**INFORMATION SUPPLIED**
================================
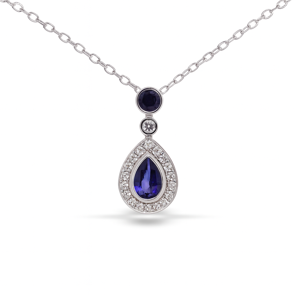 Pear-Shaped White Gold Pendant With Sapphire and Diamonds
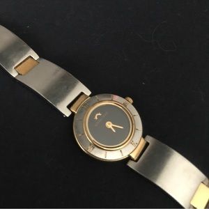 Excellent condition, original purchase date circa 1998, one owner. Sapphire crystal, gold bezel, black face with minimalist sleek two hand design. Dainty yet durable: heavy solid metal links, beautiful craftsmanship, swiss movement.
================================
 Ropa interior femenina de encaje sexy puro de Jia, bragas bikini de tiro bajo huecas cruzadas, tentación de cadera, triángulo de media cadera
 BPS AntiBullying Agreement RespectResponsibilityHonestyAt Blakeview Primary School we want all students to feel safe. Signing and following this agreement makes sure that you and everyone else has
================================
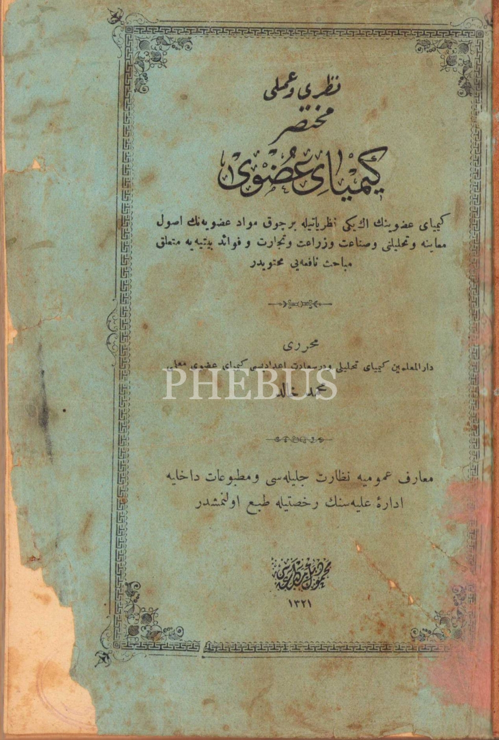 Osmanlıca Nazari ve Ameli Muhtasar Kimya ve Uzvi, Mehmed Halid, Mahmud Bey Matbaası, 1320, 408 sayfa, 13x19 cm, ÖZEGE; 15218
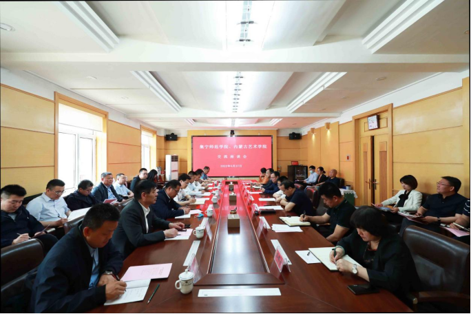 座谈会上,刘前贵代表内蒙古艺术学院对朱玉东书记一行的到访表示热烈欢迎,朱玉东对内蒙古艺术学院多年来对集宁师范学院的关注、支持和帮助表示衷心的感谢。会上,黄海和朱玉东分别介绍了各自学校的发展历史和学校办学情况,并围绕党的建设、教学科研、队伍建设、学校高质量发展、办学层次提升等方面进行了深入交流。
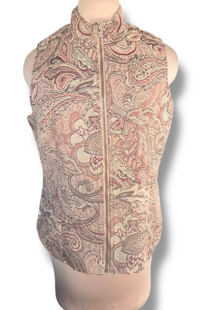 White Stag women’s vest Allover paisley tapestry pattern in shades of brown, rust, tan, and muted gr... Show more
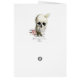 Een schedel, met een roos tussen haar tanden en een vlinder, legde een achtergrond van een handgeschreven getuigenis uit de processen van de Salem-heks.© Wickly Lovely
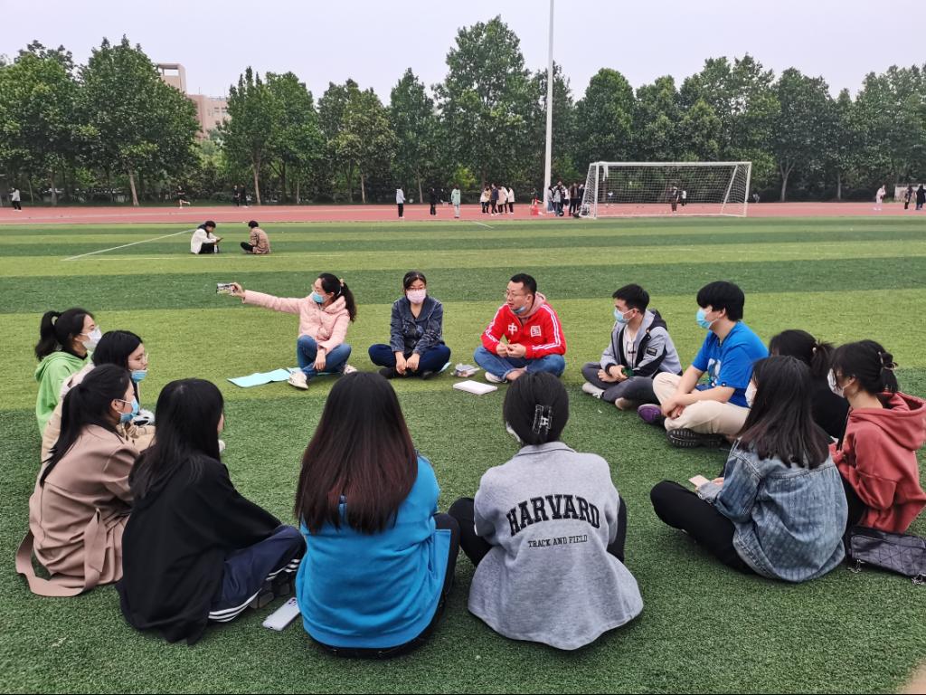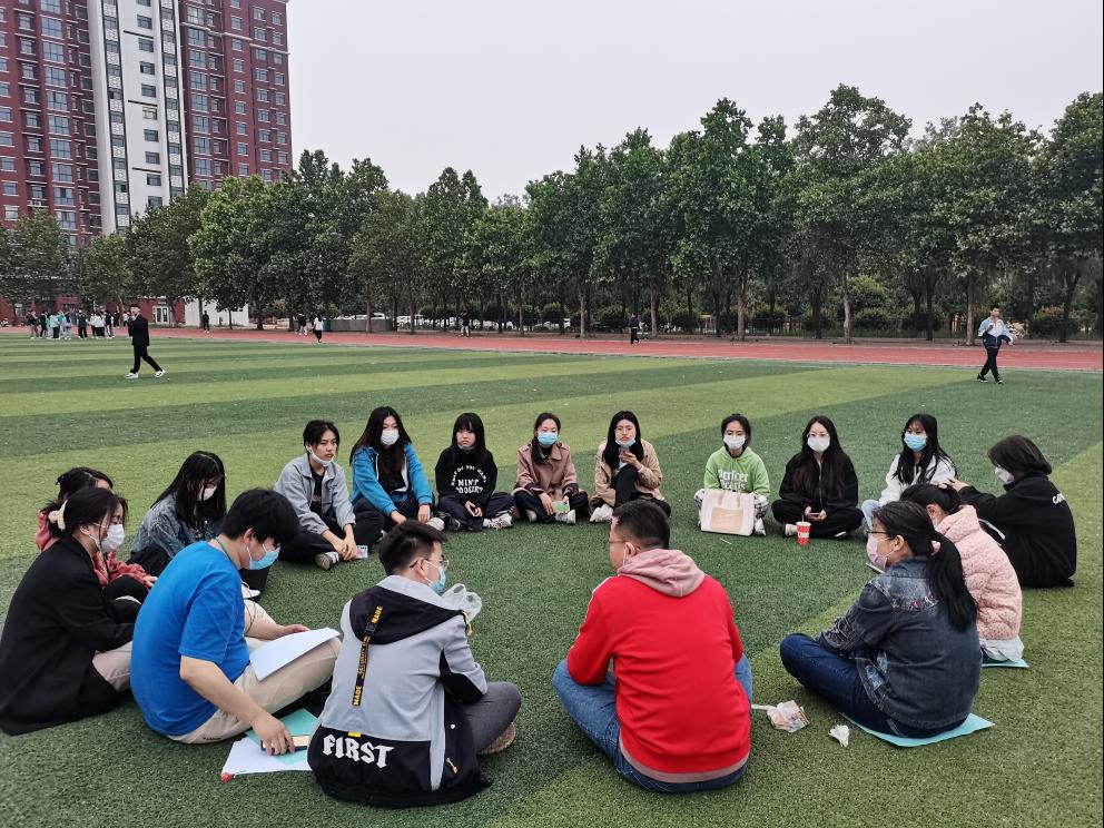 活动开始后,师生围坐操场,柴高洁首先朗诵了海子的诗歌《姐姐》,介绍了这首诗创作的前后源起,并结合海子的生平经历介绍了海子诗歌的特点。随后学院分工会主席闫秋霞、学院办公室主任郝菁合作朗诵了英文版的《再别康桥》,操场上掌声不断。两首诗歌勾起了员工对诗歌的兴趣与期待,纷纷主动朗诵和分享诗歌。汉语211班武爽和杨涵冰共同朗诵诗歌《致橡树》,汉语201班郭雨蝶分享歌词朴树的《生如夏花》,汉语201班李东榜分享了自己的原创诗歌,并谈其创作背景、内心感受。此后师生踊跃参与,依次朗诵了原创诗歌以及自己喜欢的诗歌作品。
================================
**PROBLEM TO WORK ON**
What's needed is an exact copy of the lines above from the one with "Pear-Shaped White Gold" through the one with "Excellent condition, original", both included; the pictures stay out.

**RESULT FOR THIS EXERCISE**
 Pear-Shaped White Gold Pendant With Sapphire and Diamonds
 Excellent condition, original purchase date circa 1998, one owner. Sapphire crystal, gold bezel, black face with minimalist sleek two hand design. Dainty yet durable: heavy solid metal links, beautiful craftsmanship, swiss movement.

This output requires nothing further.